Jamie's dad looked at him flatly, then turned away. "Come on, Jamie."

Alison was still standing halfway down the crate-board path, next to Lester. Her arms were crossed low over the front of her school dress, over her stomach, as though it were she who'd just been gut-punched. Her sobbing had subsided. Jamie half made to approach her when his dad squeezed his shoulder.
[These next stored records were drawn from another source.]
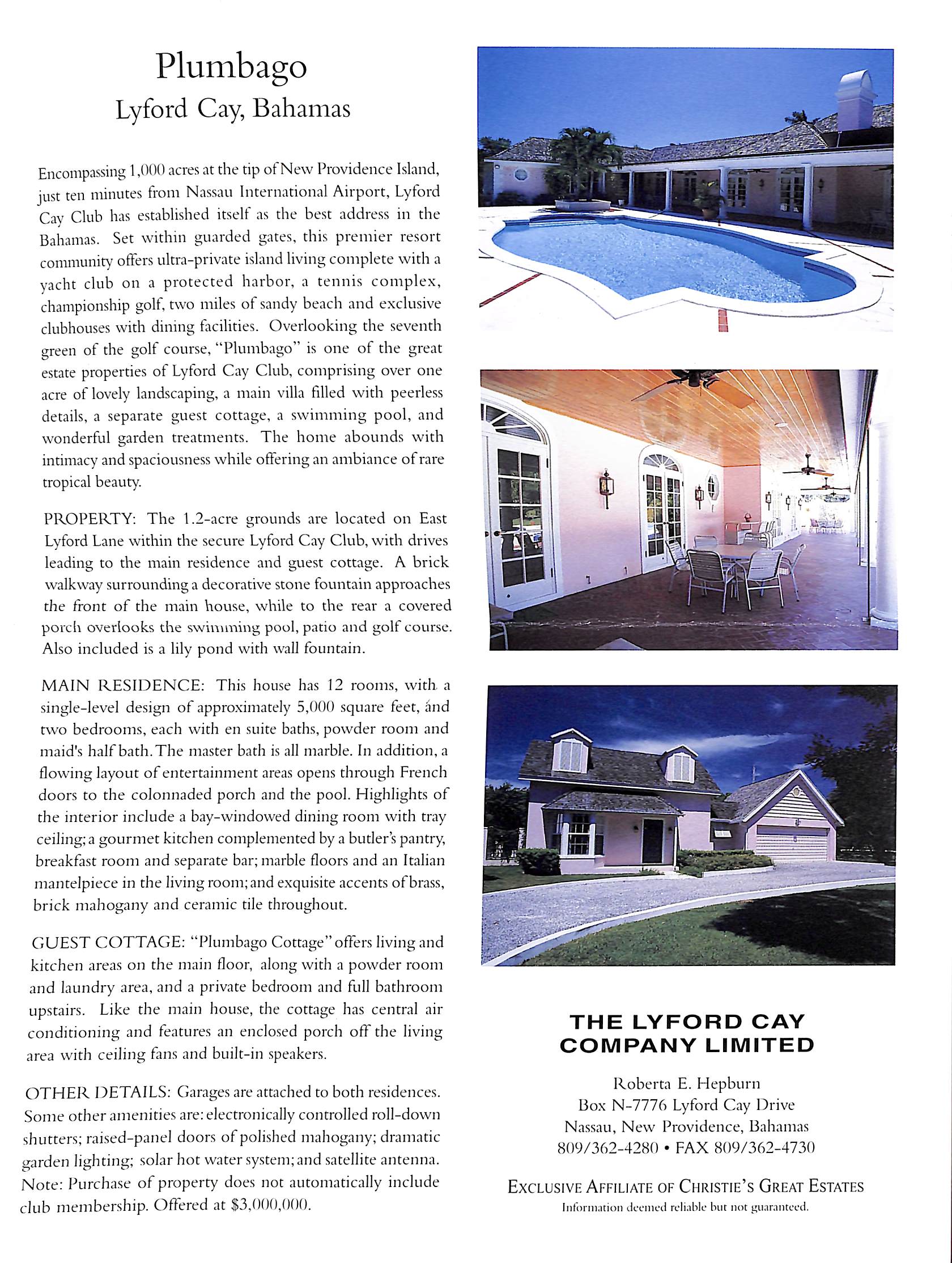 Christie's Great Estates: Plumbago - Lyford Cay, Bahamas Prospectus Card
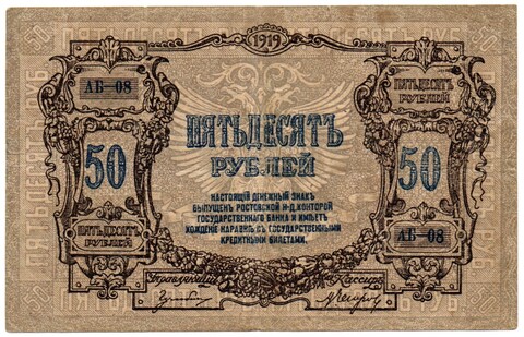 50 рублей 1919 год - Серия АБ-08 - Юг России - Локальный выпуск
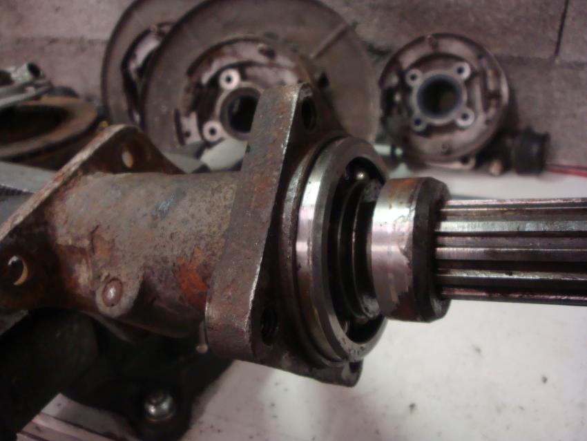 Ce qui est étrange, c'est que j'ai du jeu latéral dans l'axe (je choppe l'axe et je sens qu'il bouge droite, gauche etc...) mais pas dans le sens de l'axe (jeu axial), ce qui signifierai que l'écrou de 36 fait bien son rôle...
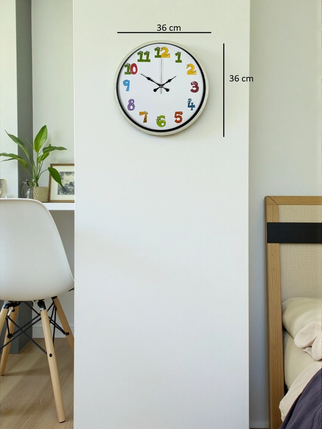 Renkli ve eğlenceli rakam tasarımlarıyla çocuk odalarına neşe katan bu 36 cm duvar saati, sessiz çalışması ve canlı görünümüyle hem dekoratif hem öğretici bir üründür. Çocukların saat öğrenmesini kolaylaştıran sevimli rakam karakterleri ile odalara enerji katar.
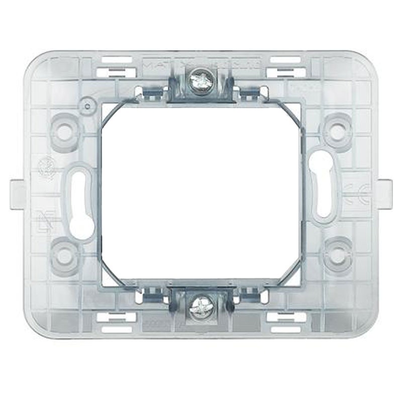 Soporta 2 módulos Bticino Matix. Altura 70 mm, anchura 93 mm. Este soporte permite fijar únicamente las placas Bticino Matix.
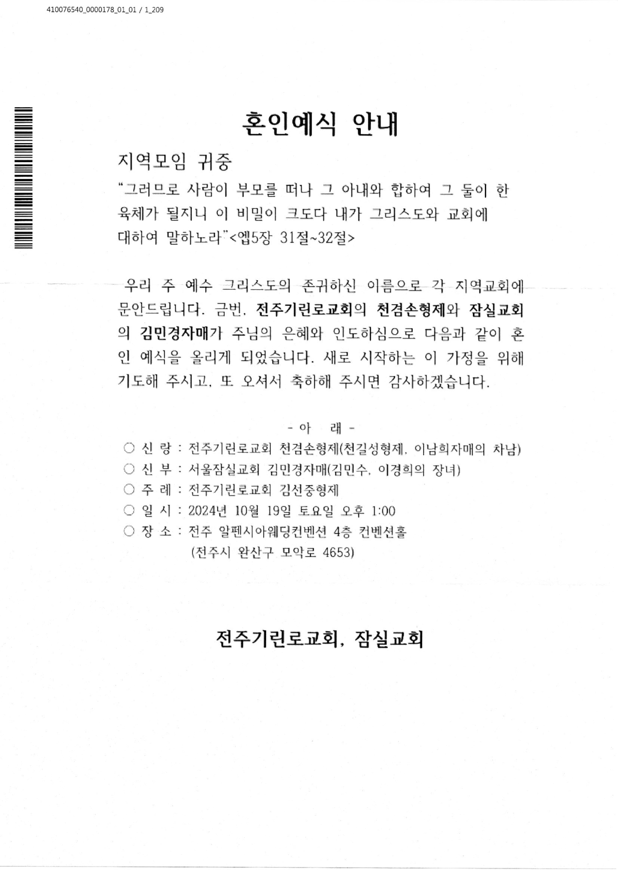 [기쁜소식] 천겸손형제, 김민경자매 (10월 19일)
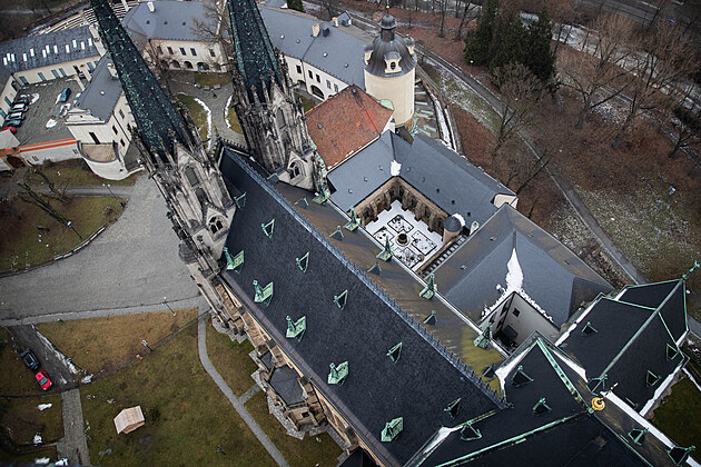 Z jižní věže je krásně vidět celý Zdíkův palác, původně zvaný jako Přemyslovský. Románský komplex ukrývá například rajský dvůr se studnou, kapli sv. Jana Křitele a další budovy arcibiskupského paláce. (28. ledna 2026)
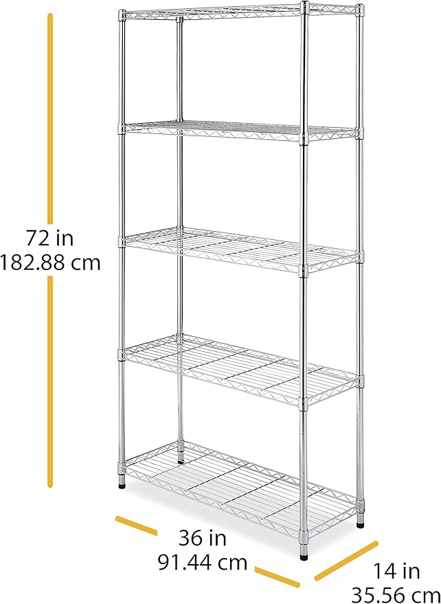 - Height Adjustable: The the size of wire shelf rack is 36"L x 14"W x 72"H. You can adjust the height of the shelves as needed to accommodate items of different sizes, ensuring optimal space utilization efficiency.
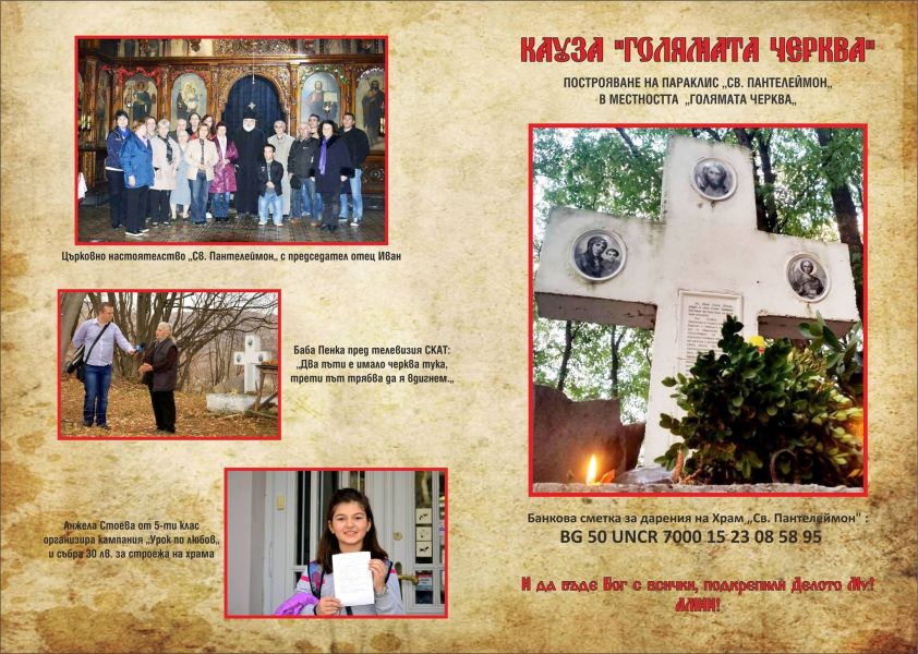 Построяването на дом Господен е дело мъчно във времена на безпросветност и духовен упадък, но това още повече ни задължава да бъдем съзидателни, да бъдем отговорни за възпитанието на децата ни. За строителството на храма са нужни 30 000 лева, събрали сме до момента 10 656 лева, благодарение на ученици и пенсионери, които започнаха начинанието с много вяра и ентусиазъм. За наша радост, каузата ни стана национална, подкрепиха ни много медии и хора на изкуството. Но въпреки многогодишните ни усилия, не можем да се справим с набирането на нужните средства. Обръщаме се към Вас с надежда, че ще ни помогнете и ще подкрепите това Богоугодно дело.
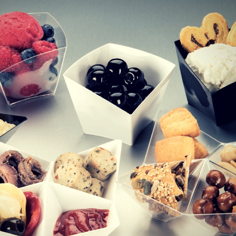 - Kolor: czarny – podbija prezentację, kontrastuje z jasnymi potrawami.
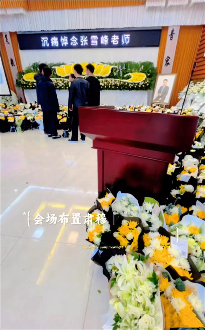随着灵堂内景被曝光,无数网友隔着屏幕红了眼眶。整个灵堂布置得肃穆而简洁,没有繁杂的排场,没有多余的装饰,目之所及全是黄色、白色的菊花,清一色的黑色包装,在昏暗的灯光下,透着刺骨的哀伤。张雪峰的遗像被层层鲜花紧紧包裹,下方用鲜花摆成了一本翻开的书本模样——这个细节,藏着对他一生的注解,读了一辈子书,讲了一辈子升学干货,到最后,连告别都带着书卷气,仿佛他只是暂时放下书本,只是换了一个地方,继续传递知识与力量。
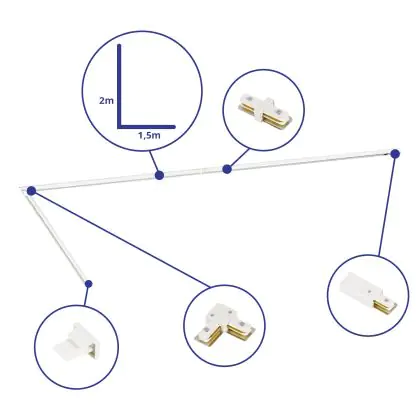 | Herstellername | Complete L shaped 1-Phase Track Set White – 1,5 x 2 meter incl. End Cap, Power Connector and L -Con | |
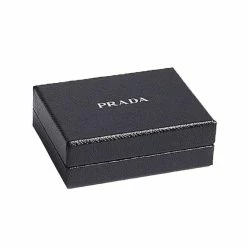 This unisex keychain from Prada is crafted of a dark burgundy red enamel atop a silver-tone rectangular base. The key ring can easily be attached toΒ keys or a bag for an added luxurious flare.Β
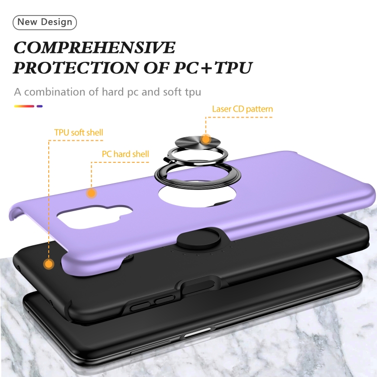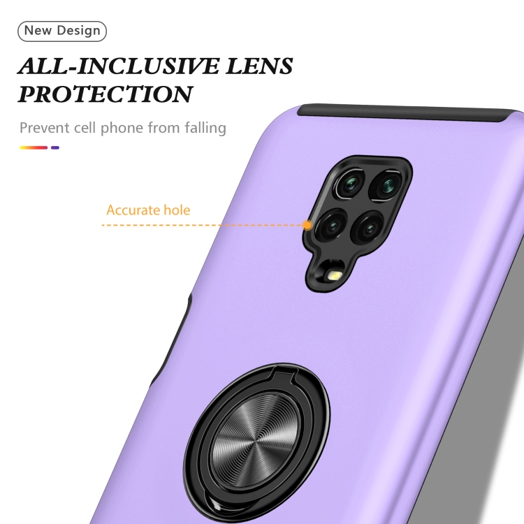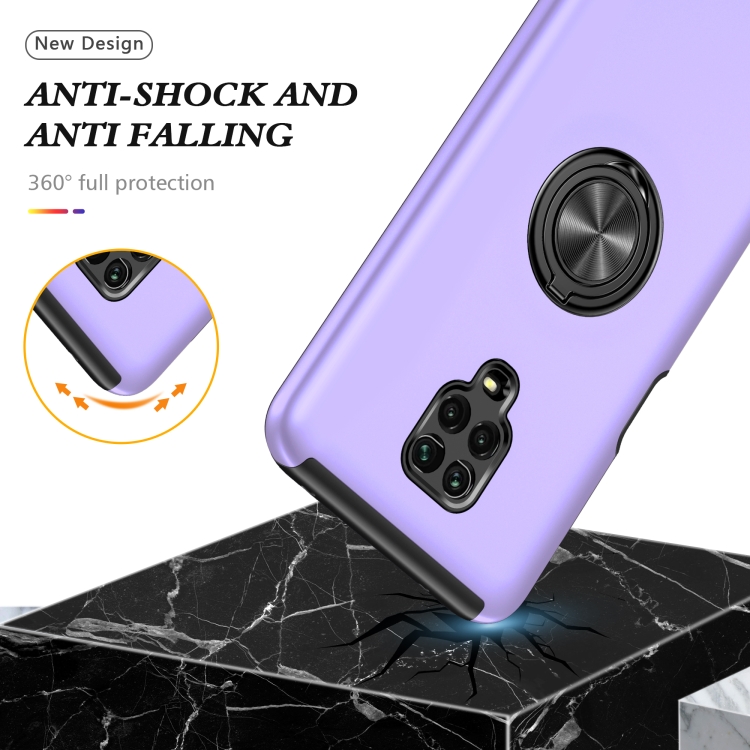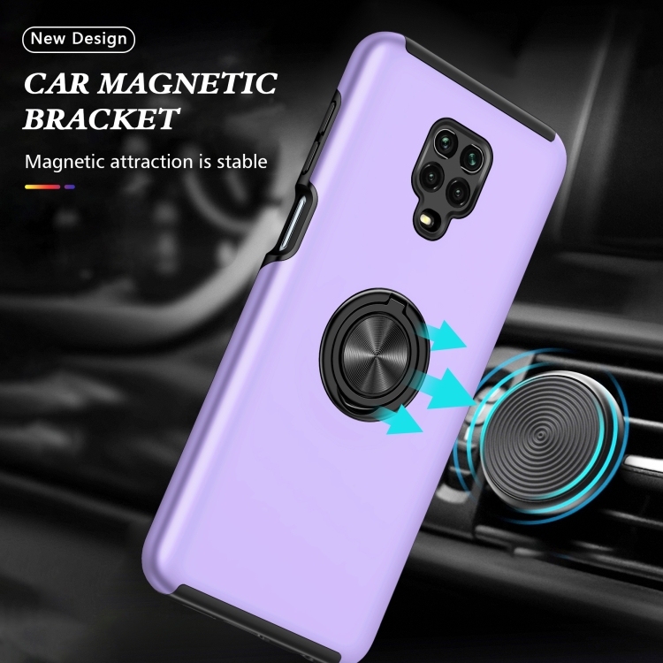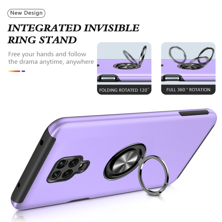 Para Xiaomi Redmi Note 9 PC / Note 9S PC + TPU Funda de Teléfono Magnético a Prueba de Golpes con Titular de Anillo Invisible (Púrpura)
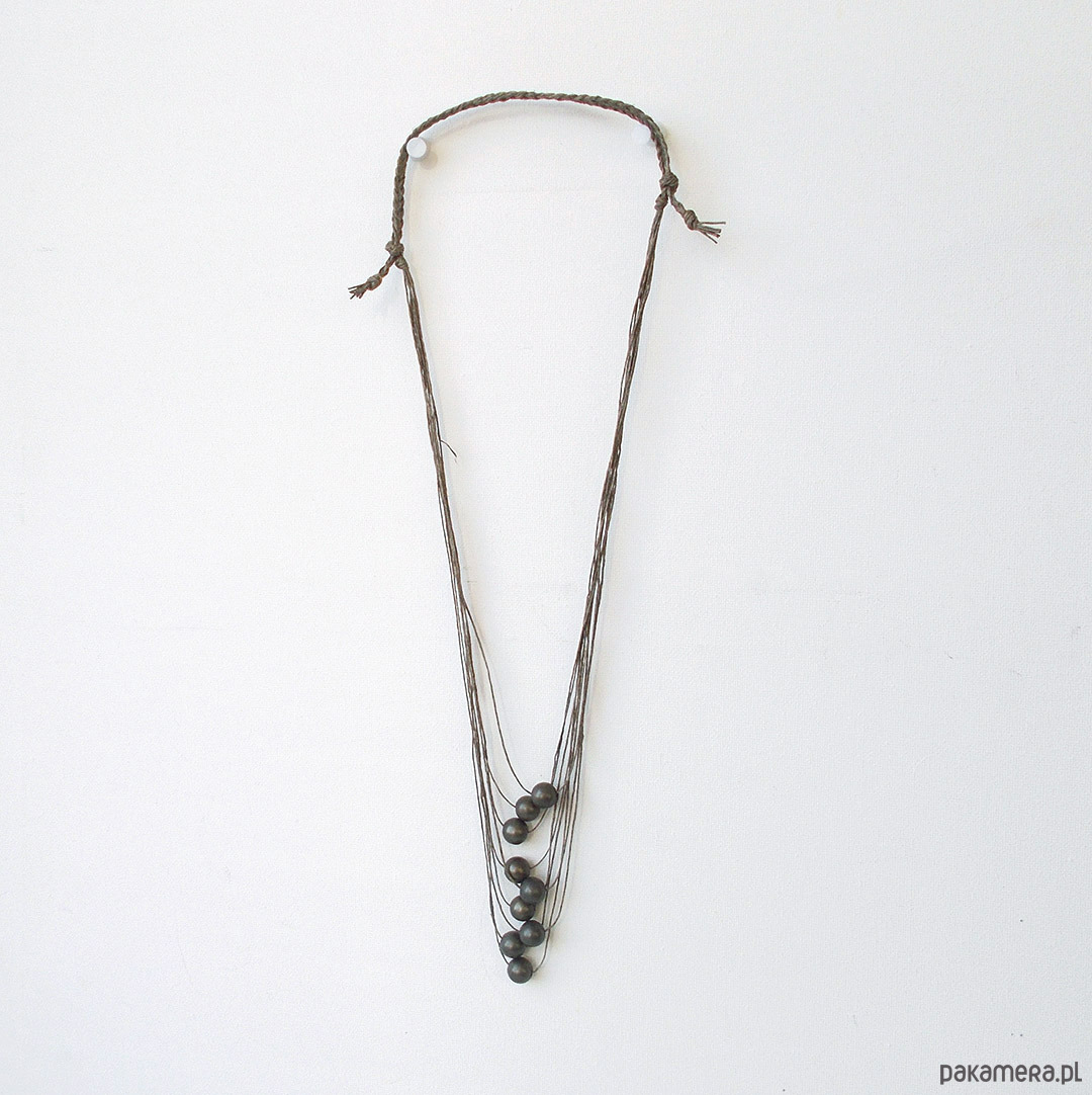 Lniany naszyjnik z kulkami matowego hematytu
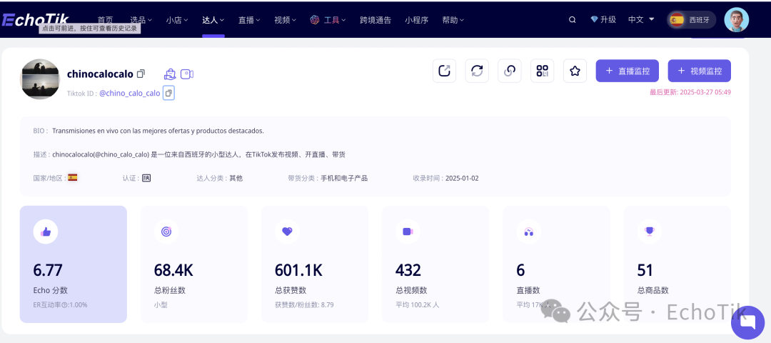 该达人主要以短视频带货为主,产品主要集中在手机和电子产品类目。
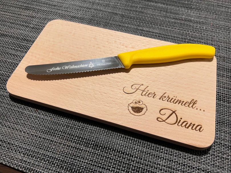 Wählen Sie eine Gravur, die zur Persönlichkeit des Beschenkten passt, und kombinieren Sie Messer und Schneidebrett zu einem harmonischen Set. So wird jeder Moment am Küchentisch zu etwas Besonderem.
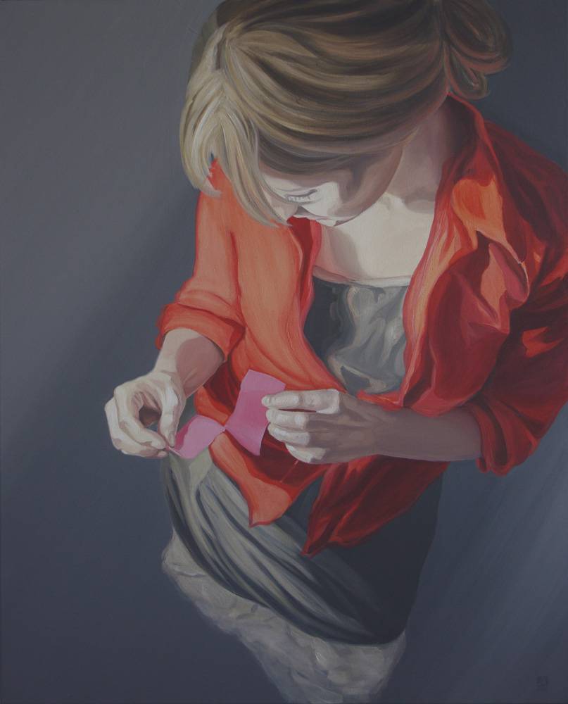 Obraz przedstawia postać widzianą z góry, ubraną w jasnoszarą sukienkę z czerwoną, wyrazistą koszulą. Kontrast stanowią wielkie bryły intensywnych kolorów, jak odcienie czerwieni i szarości. Koszula wydaje się żywa, niemal pulsująca jak ogień. Postać skupiona, trzyma na kawałku różowego papieru. Wygląda to jak magiczny moment, pełen zadumy i spokoju. Atmosfera jest intymna, jakby świat zewnętrzny na chwilę przestał istnieć. Artysta zdaje się preferować grube, płynne pociągnięcia pędzla. Styl jest realistyczny, a jednocześnie jest w nim coś surrealistycznego. Chwila zamknięta w obrazie wydaje się trwała, a zarazem ulotna. Praca może wywołać refleksje o codziennych chwilach, które niespodziewanie stają się ważne. Takie little things in life. Ciekawym elementem jest kompozycja. Punkt widzenia z góry daje poczucie, że to podglądanie, co potęguje intymność chwili. Kolory sugerują ciepłe emocje towarzyszące postaci. "Ja też kiedyś robiłem coś z papierem" — to powiedziałoby dziecko, zauważając prostotę sceny. Podziwiam to, jak artysta uchwycił subtelności gestu. Jest coś magicznego w cichej kontemplacji. Obraz może wzbudzać refleksję o wartości drobnych momentów życia. Praca ma w sobie pewną czułość, która niechybnie chwyta za serce i sprawia, że chcemy zatonąć w tej cichej, spokojnej chwili.
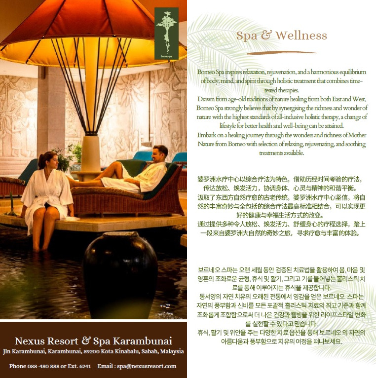 4 – Tue | 4/22/25 | Nexus Resort and Spa Karambunai Address: Off Jalan Sepangar Bay, PO Box, 88993, Sabah, Malaysia | Check out from Owl’s Nest Suite by noon and transfer to Nexus Resort & Spa Relax by the Sea @ 3pm |
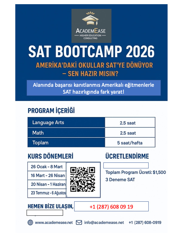 Alanında başarısı kanıtlanmış Amerika'lı eğitmenlerle SAT hazırlığında fark yaratın!
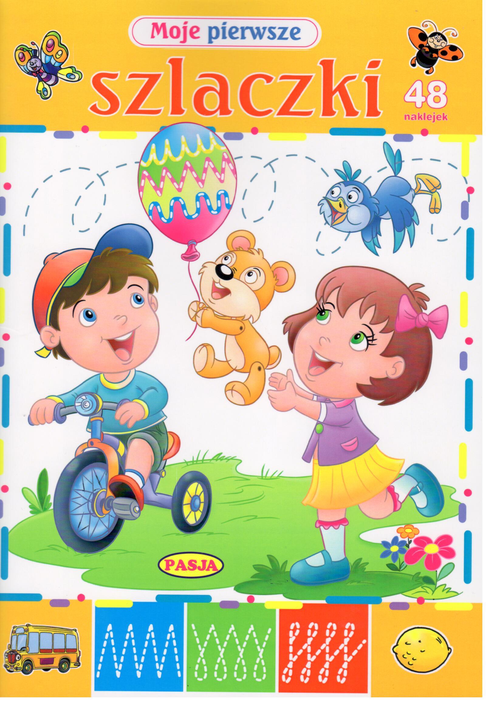 Zeszyt ćwiczeń do nauki pisania szlaczków z zadaniami logicznymi i naklejkami.

"Son," he said in a low voice. He shook his head.

Alison's mouth, her eyes — now turned toward them — seemed slowly to shape themselves into a leery cast. She rushed up to Dory. "Wait!"

Dory said something back to her.

"What I wanted?" she cried.

Dory turned toward Jamie and his dad. The expression on his face — a mask concealing another mask, and behind that — what? Minutes ago, Jamie would have said there was nothing: a dark gale thrown into a room and trapped. Now, he didn't know.

Dory gripped Alison's forearm but she flung his hand off.

"Rubbish is rubbish," muttered his dad. "Wherever it comes from."

"You're letting him off!" She was tiny next to Dory, furious. "You know. You know what he said! What he did!"

Everything became quiet. An ocean wind swept over the swale, heavy with salt, carrying the faint shriek of seagulls.

"I told you," Dory replied. His tone was impersonal. It occurred to Jamie unexpectedly that Dory might be talking to him. He looked and looked at Dory but could no longer induce himself to feel anything.

"Come on," said Jamie.

He reached up to touch his face and the touch came earlier than he'd expected. His face was numb. This was how it felt. His mouth tasted of mud, and blood, and it was smiling.

"Jamie?" murmured his dad.

He felt them all watching him, felt the sun warm on his face. A gold-tinged rope of spit dangled from his lips. Dory squared his body around. His demeanor was slack, drained of intention, like a sprinter's after crossing the finish line.